Summary
In Silverman v Lobel (163 AD2d 62, 62 [1st Dept 1990]), the First Department noted that under CPLR article 78 "[t]he remedy of mandamus is an extraordinary remedy which lies only to compel the performance of purely ministerial acts where there is a clear right to the relief sought."
Summary of this case from Okslen Acupuncture P.C. v. DinalloOpinion
July 3, 1990
Appeal from the Supreme Court, New York County (Edith Miller, J.).
Petitioners entered into a written real estate contract in which they agreed to purchase a marina owned by respondent sellers.
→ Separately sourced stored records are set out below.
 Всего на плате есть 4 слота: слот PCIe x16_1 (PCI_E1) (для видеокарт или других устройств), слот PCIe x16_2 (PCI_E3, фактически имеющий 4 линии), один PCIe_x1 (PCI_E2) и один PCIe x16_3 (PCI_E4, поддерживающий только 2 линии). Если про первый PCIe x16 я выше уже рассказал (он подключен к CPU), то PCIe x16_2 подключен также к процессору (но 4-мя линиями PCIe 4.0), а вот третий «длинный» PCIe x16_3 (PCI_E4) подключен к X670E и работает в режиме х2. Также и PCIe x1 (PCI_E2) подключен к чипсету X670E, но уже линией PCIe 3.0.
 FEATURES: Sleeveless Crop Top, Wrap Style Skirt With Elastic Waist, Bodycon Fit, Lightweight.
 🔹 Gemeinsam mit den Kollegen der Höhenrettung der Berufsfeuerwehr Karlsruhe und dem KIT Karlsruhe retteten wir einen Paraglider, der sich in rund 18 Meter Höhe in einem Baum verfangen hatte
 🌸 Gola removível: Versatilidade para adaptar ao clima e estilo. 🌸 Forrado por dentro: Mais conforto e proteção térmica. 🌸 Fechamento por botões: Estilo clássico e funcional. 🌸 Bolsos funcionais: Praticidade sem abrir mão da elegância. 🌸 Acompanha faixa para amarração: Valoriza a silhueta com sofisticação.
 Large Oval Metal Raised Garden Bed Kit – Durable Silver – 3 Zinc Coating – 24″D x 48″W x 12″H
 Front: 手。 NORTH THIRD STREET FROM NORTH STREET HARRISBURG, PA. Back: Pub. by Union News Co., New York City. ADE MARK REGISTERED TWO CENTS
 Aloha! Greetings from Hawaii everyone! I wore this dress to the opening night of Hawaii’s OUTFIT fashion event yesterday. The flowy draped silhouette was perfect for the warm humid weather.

Petitioners deposited $60,000 (10% of the purchase price) with the sellers' attorney.
Petitioners allegedly canceled the real estate contract by letter, due to their purported inability to obtain a mortgage. However, the sellers assert that the letter and the petitioners' subsequent actions did not terminate the contract but, instead, extended the time frame and altered the terms of the contract. In this light, the sellers maintain that when the petitioners failed to close on the new closing date, they forfeited their down payment.
Petitioners commenced this article 78 proceeding seeking to compel respondent Lobel, as an officer of the court, to pay to them the $60,000, which she had been holding in escrow. Petitioners also commenced a declaratory judgment action in Suffolk County and an action in New York County, alleging fraudulent inducement to enter into the real estate contract.
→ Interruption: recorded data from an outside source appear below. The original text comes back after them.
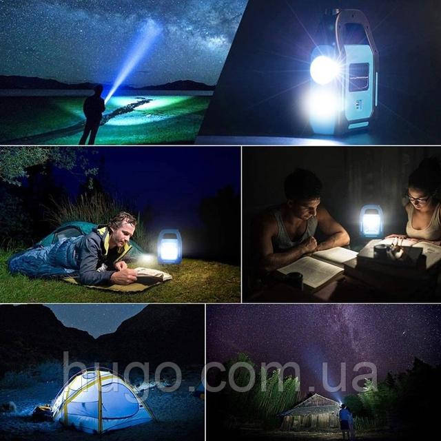 Переносний прожектор-ліхтар HS-8020D на акумуляторі (1200мАч), з USB, Сонячною панеллю та PowerBank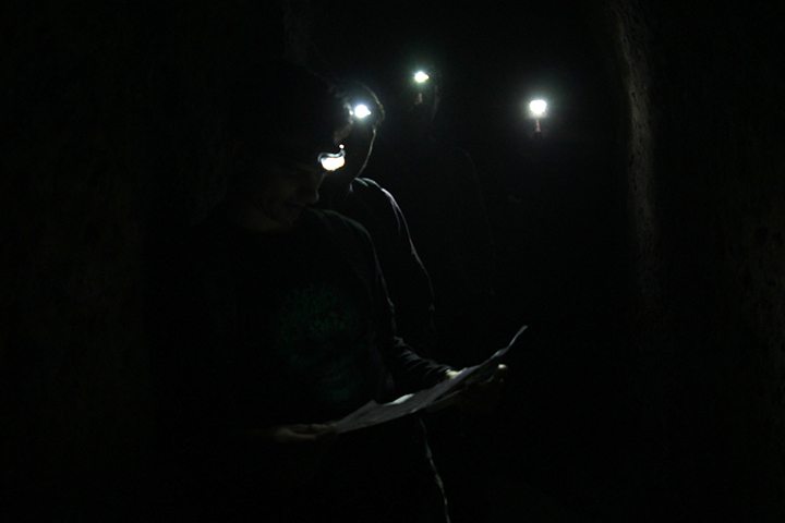 Le chemin commence dans un champ de ruines. Au détour des murs surgissent les ombres de travailleurs oubliés et des témoignages photographiques de vestiges de la société du spectacle. Se diriger alors vers les lueurs de lointaines bougies ne résultera qu'à errer en vain. En apprenant à se repérer, cataphiles et touristes s'enfoncent dans les bermudes.
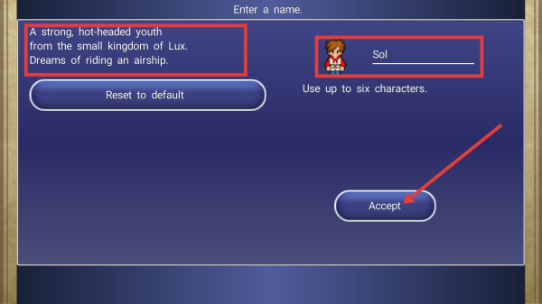 2、创建角色时,根据角色背景描述选择心仪角色,输入名字(如【Sol】)后点击【Accept】确认。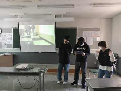 後半は、グループごとに発表を行い、車いすの目線で動画を紹介する者、計算したスロープの勾配、アイマスクの不安などを発表しました。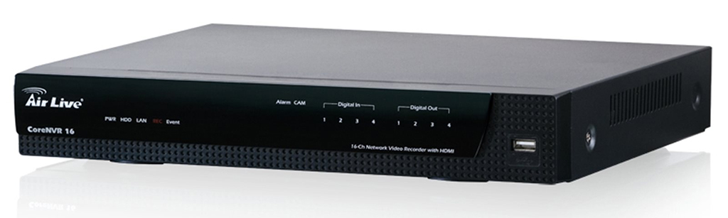 AirLive también ha suministra el NVR CoreNVR 16, que se utiliza para soportar hasta una resolución de 4 megapíxeles para cámaras IP con codificación de video H.264 para alta calidad, monitorización en tiempo real, grabación y reproducción.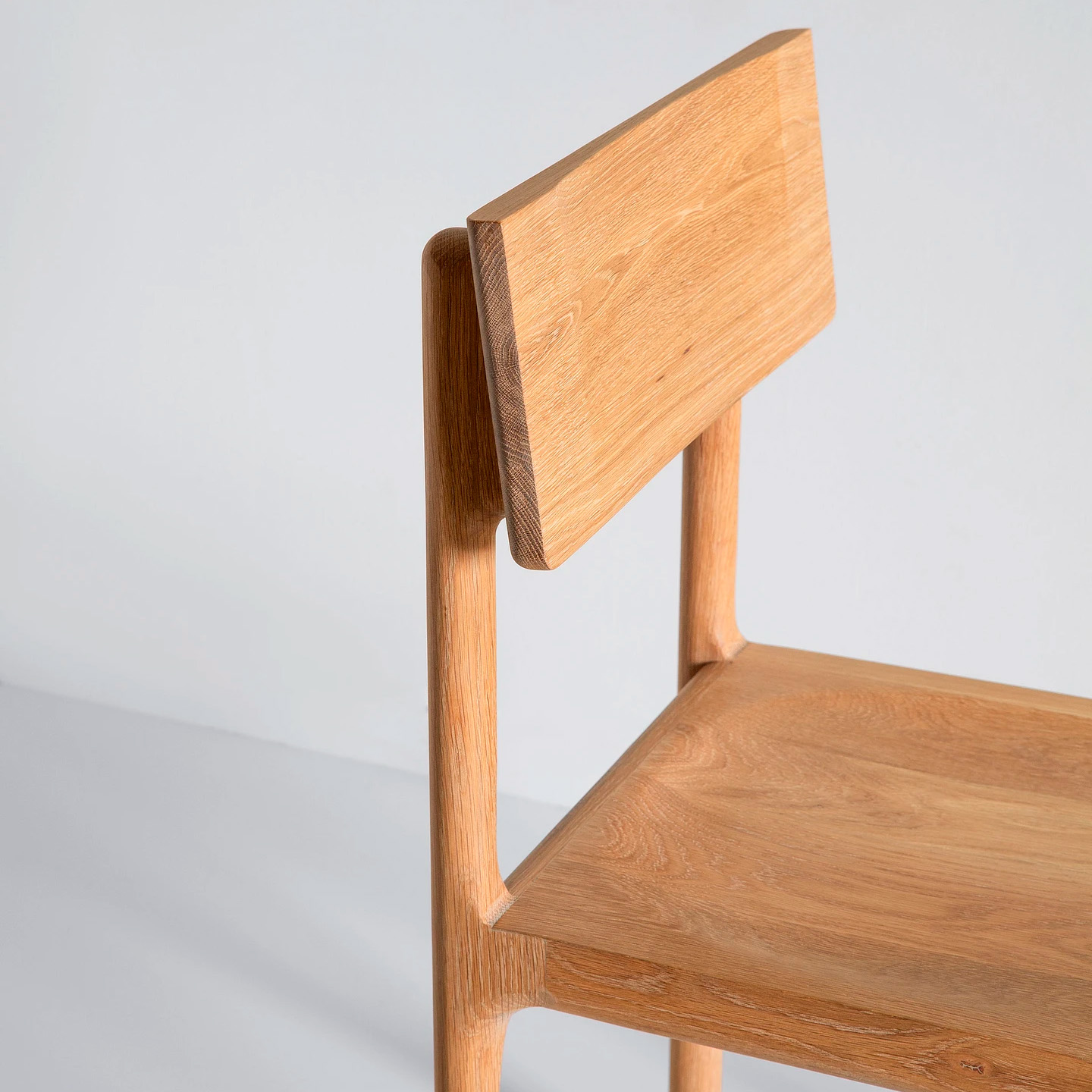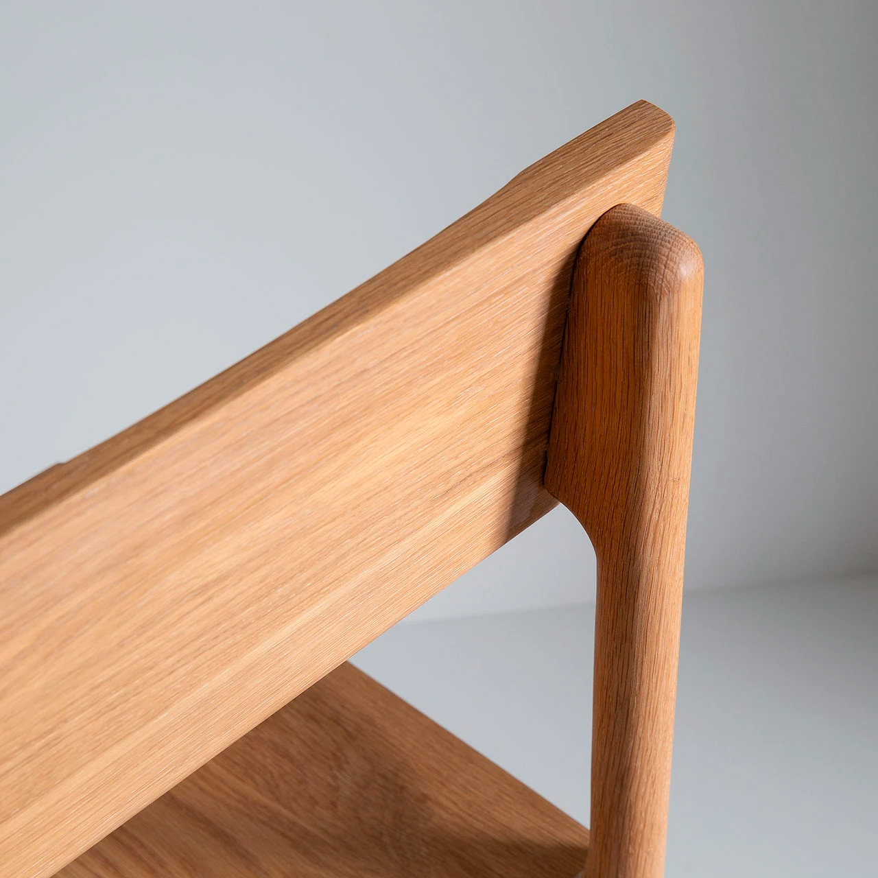Constructed from solid French oak, the Berkley Chair features a gently contoured seat and backrest for natural comfort. The joints are reinforced using traditional mortise-and-tenon joinery, ensuring enduring stability. A low-sheen oil finish brings warmth to the surface while maintaining a smooth tactile feel.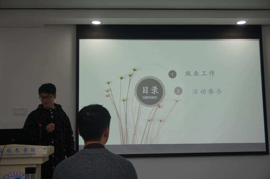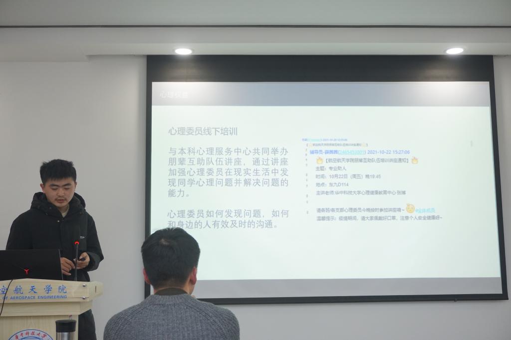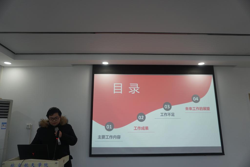 薛茜茜老师对研会工作的成果进行了总结,也对近半年研会工作的不足进行了深刻梳理,从制度执行,日常例会落实,活动举办过程中暴露的问题,以及媒体宣传的方式等都提出了建议,同时希望研会成员在员工工作中要细致耐心,增强与校研会、兄弟院系的联系,优化工作方式,树立航院品牌。

The IAS court dismissed the article 78 petition as to respondent sellers and stayed the proceeding as to respondent Lobel pending the resolution of the two related plenary actions commenced by petitioners.
The remedy of mandamus is an extraordinary remedy which lies only to compel the performance of purely ministerial acts where there is a clear right to the relief sought. (Spring Realty Co. v. New York City Loft Bd., 69 N.Y.2d 657, appeal dismissed 482 U.S. 911.) Accordingly, since the instant record reveals an obvious dispute as to whether the real estate contract was effectively canceled or was, instead, modified and as to whether petitioners' failure to close on the new date constituted a default under the contract, there is no clear right to the relief sought by petitioners. The release of the money in escrow by respondent Lobel is certainly not a ministerial act at this point.
Moreover, as there are other available adequate remedies (as is clearly demonstrated by petitioners' commencement of the two plenary actions), this article 78 proceeding against the respondent sellers was inappropriate. (See, Matter of Corbeau Constr. Corp. v. Board of Educ., 32 A.D.2d 958.)
Concur — Kupferman, J.P., Sullivan, Carro and Smith, JJ.